== Segment start ==

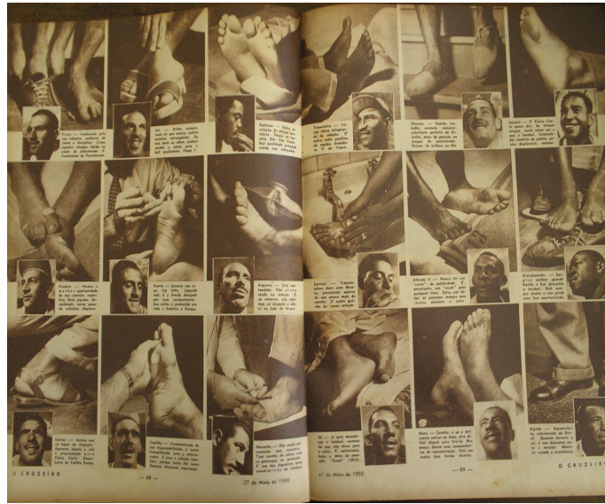
Foto 11 - A pátria desnuda.
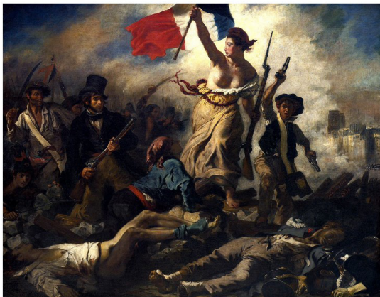
Tableau de Eugène Delacroix peint en 1830, La liberté guidant le peuple .
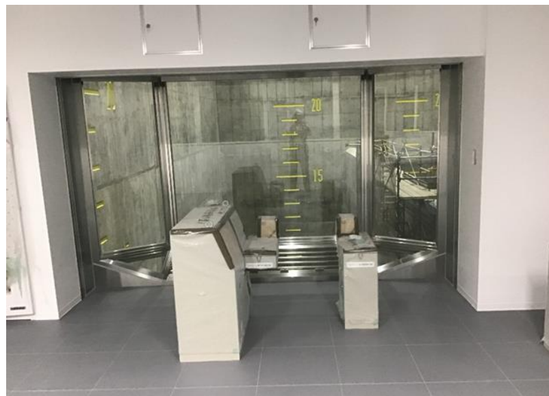
●2工区 ごみクレーン操作盤設置状況
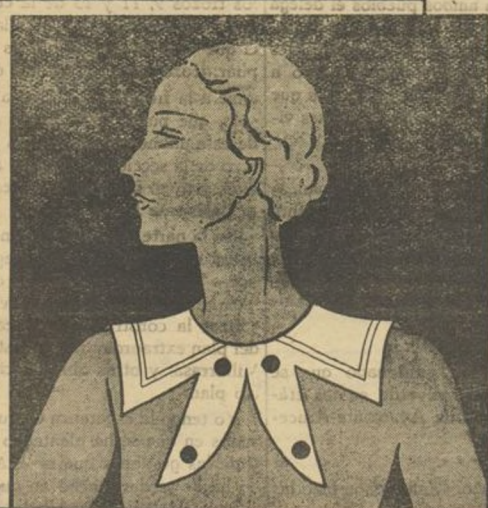
Cuello de piqué blanco cerrado delante por cuatro botones.

Han llamado mucho la atención los "tailleurs" de primavera de "taffetas" negro que moldean la silueta y acusan las formas. Estos van casi siempre acompañados, para dar una nota alegre, de blusas de "crêpe" o de "museline imprimée", verde, azul o rojo muy vivo. Las blusas de gruesa tela de hilo y aun las mismas de algodón, harán furor esta temporada de primavera.
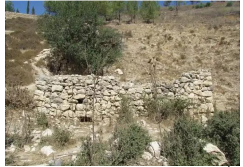
الرأس الأحمر: بقايا لمبنى قديم على اطراف القرية

== Segment end ==

◆ **Your objective**
Give again, word for word, every line from the top of the entries above to the line holding "Cuello de piqué", both included. Leave the pictures out.

◆ **Solved problem**
Foto 11 - A pátria desnuda.
Tableau de Eugène Delacroix peint en 1830, La liberté guidant le peuple .
●2工区 ごみクレーン操作盤設置状況
Cuello de piqué blanco cerrado delante por cuatro botones.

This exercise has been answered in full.